El hombre de mi vida.
Desde que me calzaron el tutú a los cinco años el mandato familiar fue claro: había que ser una intelectual de izquierda, o en su defecto una exponente de la alta cultura. En los asuntos del corazón, la cosa no estaba dicha pero atravesaba el aire con un absolutismo brutal que nadie osaba contradecir. No era necesario afirmar que la muñequita de cara endiablada, más parecida a un personaje salido de la siniestra mano de E.T.A. Hoffmann o a las cabezonas de Mark Ryden, daba por hecho que cumpliría la profecía. Y cómo no consentir a raja tabla, luego de vivir en franca adoración con el sujeto de la fascinación, mi abuelito querido.
Sólo tuve ojos para él. Todos los viernes y desde mi más tierna infancia, me llevaban caminando esas pocas cuadras hasta su casa. Ahí supe lo que era la felicidad absoluta. Con mi cuerpito pequeño y mi cabeza gigante, arribaba munida del bolso de fin de semana. Llegaba la noche y ya con el camisón repleto de alforzas, me introducían en la cama del abuelazgo para que viera lo que se me antojara por televisión.

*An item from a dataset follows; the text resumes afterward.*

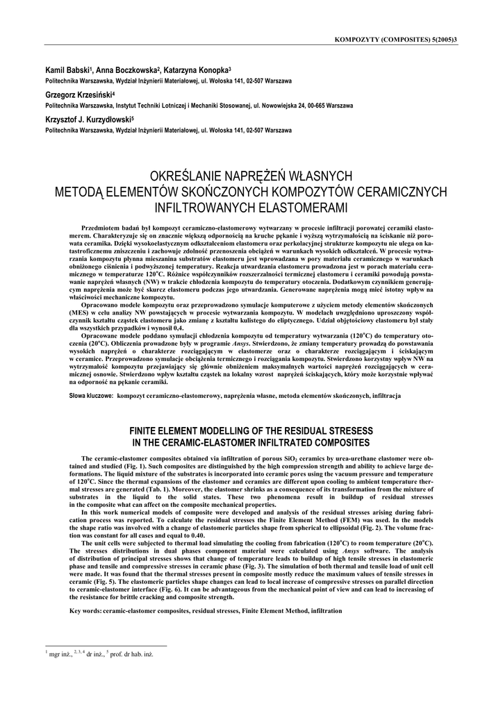 KOMPOZYTY (COMPOSITES) 5(2005)3 Kamil Babski1, Anna Boczkowska2, Katarzyna Konopka3 Politechnika Warszawska, Wydział Inżynierii Materiałowej, ul. Wołoska 141, 02-507 Warszawa Grzegorz Krzesiński4 Politechnika Warszawska, Instytut Techniki Lotniczej i Mechaniki Stosowanej, ul. Nowowiejska 24, 00-665 Warszawa Krzysztof J. Kurzydłowski5 Politechnika Warszawska, Wydział Inżynierii Materiałowej, ul. Wołoska 141, 02-507 Warszawa OKREŚLANIE NAPRĘŻEŃ WŁASNYCH METODĄ ELEMENTÓW SKOŃCZONYCH KOMPOZYTÓW CERAMICZNYCH INFILTROWANYCH ELASTOMERAMI Przedmiotem badań był kompozyt ceramiczno-elastomerowy wytwarzany w procesie infiltracji porowatej ceramiki elastomerem. Charakteryzuje się on znacznie większą odpornością na kruche pękanie i wyższą wytrzymałością na ściskanie niż porowata ceramika. Dzięki wysokoelastycznym odkształceniom elastomeru oraz perkolacyjnej strukturze kompozytu nie ulega on katastroficznemu zniszczeniu i zachowuje zdolność przenoszenia obciążeń w warunkach wysokich odkształceń. W procesie wytwarzania kompozytu płynna mieszanina substratów elastomeru jest wprowadzana w pory materiału ceramicznego w warunkach obniżonego ciśnienia i podwyższonej temperatury. Reakcja utwardzania elastomeru prowadzona jest w porach materiału ceramicznego w temperaturze 120oC. Różnice współczynników rozszerzalności termicznej elastomeru i ceramiki powodują powstawanie naprężeń własnych (NW) w trakcie chłodzenia kompozytu do temperatury otoczenia. Dodatkowym czynnikiem generującym naprężenia może być skurcz elastomeru podczas jego utwardzania. Generowane naprężenia mogą mieć istotny wpływ na właściwości mechaniczne kompozytu. Opracowano modele kompozytu oraz przeprowadzono symulacje komputerowe z użyciem metody elementów skończonych (MES) w celu analizy NW powstających w procesie wytwarzania kompozytu. W modelach uwzględniono uproszczony współczynnik kształtu cząstek elastomeru jako zmianę z kształtu kulistego do eliptycznego. Udział objętościowy elastomeru był stały dla wszystkich przypadków i wynosił 0,4. Opracowane modele poddano symulacji chłodzenia kompozytu od temperatury wytwarzania (120oC) do temperatury otoczenia (20oC). Obliczenia prowadzone były w programie Ansys. Stwierdzono, że zmiany temperatury prowadzą do powstawania wysokich naprężeń o charakterze rozciągającym w elastomerze oraz o charakterze rozciągającym i ściskającym w ceramice. Przeprowadzono symulacje obciążenia termicznego i rozciągania kompozytu. Stwierdzono korzystny wpływ NW na wytrzymałość kompozytu przejawiający się głównie obniżeniem maksymalnych wartości naprężeń rozciągających w ceramicznej osnowie. Stwierdzono wpływ kształtu cząstek na lokalny wzrost naprężeń ściskających, który może korzystnie wpływać na odporność na pękanie ceramiki. Słowa kluczowe: kompozyt ceramiczno-elastomerowy, naprężenia własne, metoda elementów skończonych, infiltracja FINITE ELEMENT MODELLING OF THE RESIDUAL STRESESS IN THE CERAMIC-ELASTOMER INFILTRATED COMPOSITES The ceramic-elastomer composites obtained via infiltration of porous SiO2 ceramics by urea-urethane elastomer were obtained and studied (Fig. 1). Such composites are distinguished by the high compression strength and ability to achieve large deformations. The liquid mixture of the substrates is incorporated into ceramic pores using the vacuum pressure and temperature of 120oC. Since the thermal expansions of the elastomer and ceramics are different upon cooling to ambient temperature thermal stresses are generated (Tab. 1). Moreover, the elastomer shrinks as a consequence of its transformation from the mixture of substrates in the liquid to the solid states. These two phenomena result in buildup of residual stresses in the composite what can affect on the composite mechanical properties. In this work numerical models of composite were developed and analysis of the residual stresses arising during fabrication process was reported. To calculate the residual stresses the Finite Element Method (FEM) was used. In the models the shape ratio was involved with a change of elastomeric particles shape from spherical to ellipsoidal (Fig. 2). The volume fraction was constant for all cases and equal to 0.40. The unit cells were subjected to thermal load simulating the cooling from fabrication (120oC) to room temperature (20oC). The stresses distributions in dual phases component material were calculated using Ansys software. The analysis of distribution of principal stresses shows that change of temperature leads to buildup of high tensile stresses in elastomeric phase and tensile and compressive stresses in ceramic phase (Fig. 3). The simulation of both thermal and tensile load of unit cell were made. It was found that the thermal stresses present in composite mostly reduce the maximum values of tensile stresses in ceramic (Fig. 5). The elastomeric particles shape changes can lead to local increase of compressive stresses on parallel direction to ceramic-elastomer interface (Fig. 6). It can be advantageous from the mechanical point of view and can lead to increasing of the resistance for brittle cracking and composite strength. Key words: ceramic-elastomer composites, residual stresses, Finite Element Method, infiltration 1 mgr inż., 2, 3, 4 dr inż., 5 prof. dr hab. inż. 41 Określanie naprężeń własnych metodą elementów skończonych kompozytów ceramicznych infiltrowanych elastomerami WSTĘP Kompozyty ceramika-elastomer otrzymywane są w procesie infiltracji, w wyniku której powstaje struktura tzw. perkolacji faz. Kompozyt wykazuje znaczny wzrost wytrzymałości na ściskanie w porównaniu do porowatej ceramiki [1]. Charakteryzuje się dużą sztywnością w zakresie nieprzekraczającym krytycznych naprężeń niszczących ceramiczną osnowę. Po zniszczeniu ceramicznego szkieletu rolę osnowy przejmuje elastomer, dzięki czemu kompozyt ulega duży

Ellos recibían amistades de la medicina y la alta intelligentzia. Pero todos querían venir a besar a la princesa en ejercicio. Yo recibía chocolates, besos y adoraciones. Y así fui construyendo mi identidad, a prueba de obstáculos habidos y por haber.
Los sábados, mi adorado abuelo me despertaba a las 6 de la mañana, me vestía y peinaba, y partíamos rumbo a los hospitales. Allí, todas las enfermeras, asistentes y médicos, me rendían pleitesía. Y él, con mi manita entre la suya grande. Nos internábamos en el laboratorio, y me enseñaba a hacer los preparados para luego observarlos a través de su microscopio. Así aprendí a observar con curiosidad en alza, el universo todo. Terminábamos la faena y volvíamos a su casa, donde nos esperaba mi abuela con un almuerzo de reyes: jamones varios, tomates frescos, pollo con papas y batatas, y de postre la especialidad de ella, el flan de coco, manjar que nunca más pude disfrutar. Tragábamos la última cucharada y partíamos, él y yo, hacia el cine Cosmos. Me compraba monedas de chocolate y así me introdujo en el cine ruso adulto, que cada vez que vuelvo a ver, lloro sin poder ni querer evitarlo. Él, el hombre más hermoso jamás visto, con sus ojos azul transparente y sus bigotes renegridos, y yo, una enana de seis años con el pelo largo hasta la cintura.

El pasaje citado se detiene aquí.